- Hill on the set of Four Feather Falls in 1960
- Born: 16 May 1914 Wandsworth, Surrey, England, UK
- Died: 31 October 1999 (aged 85) Surrey, England, UK
- Occupations: Television producer, film and television production designer
- Years active: 1950s–1988
- Employer: Lew Grade
- Organization: AP Films

= Reg Hill =

Reginald Eric Hill (16 May 1914 – 31 October 1999) was an English model-maker, art director, producer, and freelance storyboard artist. He is most prominently associated with the work of Gerry Anderson.

==Early life==
Born on 16 May 1914, Hill started his working life during the 1930s in the display department of a London wholesale grocer before progressing to a role of advertising designer. He obtained a private pilot's licence in June 1939.
Hill served in the Royal Air Force during the Second World War, spending time at Benson in Oxfordshire as an airframe fitter instructor.

==Post-war==
After returning to civilian life, Hill joined National Interest Picture Productions as a designer for British Army, RAF and other government-made films, working as a model maker and animator. He also used his artistic and design skills as a commercial artist creating paper cut-out model books (three-dimensional flight aircraft and other working models), jigsaw puzzles and greeting cards. He was also responsible for the gunfire featured in the film The Dam Busters (1955), and more.

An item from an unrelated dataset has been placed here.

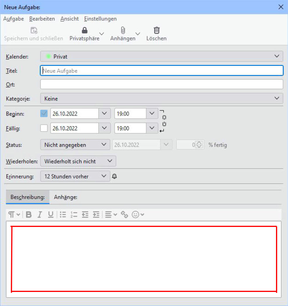 mit markiertem Augabenbeschreibungsfeld

==Involvement with Gerry Anderson==
In 1954, while working as an artist at Pentagon Films, Hill met Gerry Anderson, who had just formed, in partnership with Arthur Provis, the production company Anderson-Provis (AP) Films. Hill became the company's production designer. Initially based in Taplow, the new company produced a range of adverts for TV, including the "Blue Cars" advert starring Nicholas Parsons. During quiet periods, Reg worked on a number of other projects, including the TV series The Adventures of Robin Hood (1957), made at Walton Studios.

AP Films was approached by Roberta Leigh to produce animated programmes for TV, a collaboration that resulted in The Adventures of Twizzle and Torchy the Battery Boy towards the end of the 1950s. Hill worked in all things artistic, from set and puppet design to special effects. The collaboration with Leigh ended, and the production of new programs commenced, with Four Feather Falls, a Western featuring the voice of Nicholas Parsons as Sheriff Tex Tucker. During these early years, Hill was also involved in producing Anderson's low-budget film, Crossroads to Crime (1960).

==Employed by Lew Grade==
In 1962, AP Films was bought by Associated Television director Lew Grade, and in 1966 was renamed "Century 21 Productions". Grade's purchase of AP Films was immediately followed by Supercar, for which Hill designed the characters, vehicles, and sets, and also wrote a number of episodes. This set the tone for future productions and Anderson's move into science-fiction adventure TV series.

A line of successful puppet and live-action TV series followed: Fireball XL5, Stingray, Thunderbirds, Captain Scarlet and the Mysterons, Joe 90, The Secret Service (which combined puppetry with live action), and UFO (produced mostly in live action). During this time, whilst taking on various roles as art director, producer and executive producer, Hill continued to be involved in series concepts and vehicle, character and set design.

Additionally, Hill contributed to the Thunderbirds films Thunderbirds Are Go (1966) and Thunderbird 6 (1968). He worked as a designer on Doppelgänger (1969), also known by the title Journey to the Far Side of the Sun.

In 1972, a new independent production company was formed named "Group 3 Productions" (named after its three founders: Gerry Anderson, Sylvia Anderson, and Hill), which developed and produced The Protectors and Space: 1999. The company later evolved into "Gerry Anderson Productions" in 1975 for the production of the second season of Space: 1999.

==Later years==
In 1977, following the completion of the second series of Space: 1999, Gerry Anderson Productions was dissolved. Hill entered semi-retirement, but continued to work as a storyboard artist on a range of films including Pink Floyd – The Wall, Sky Bandits, Outland, Octopussy, The Last Days of Pompeii, Supergirl, Superman and Superman II. He died in Surrey in 1999, aged 85.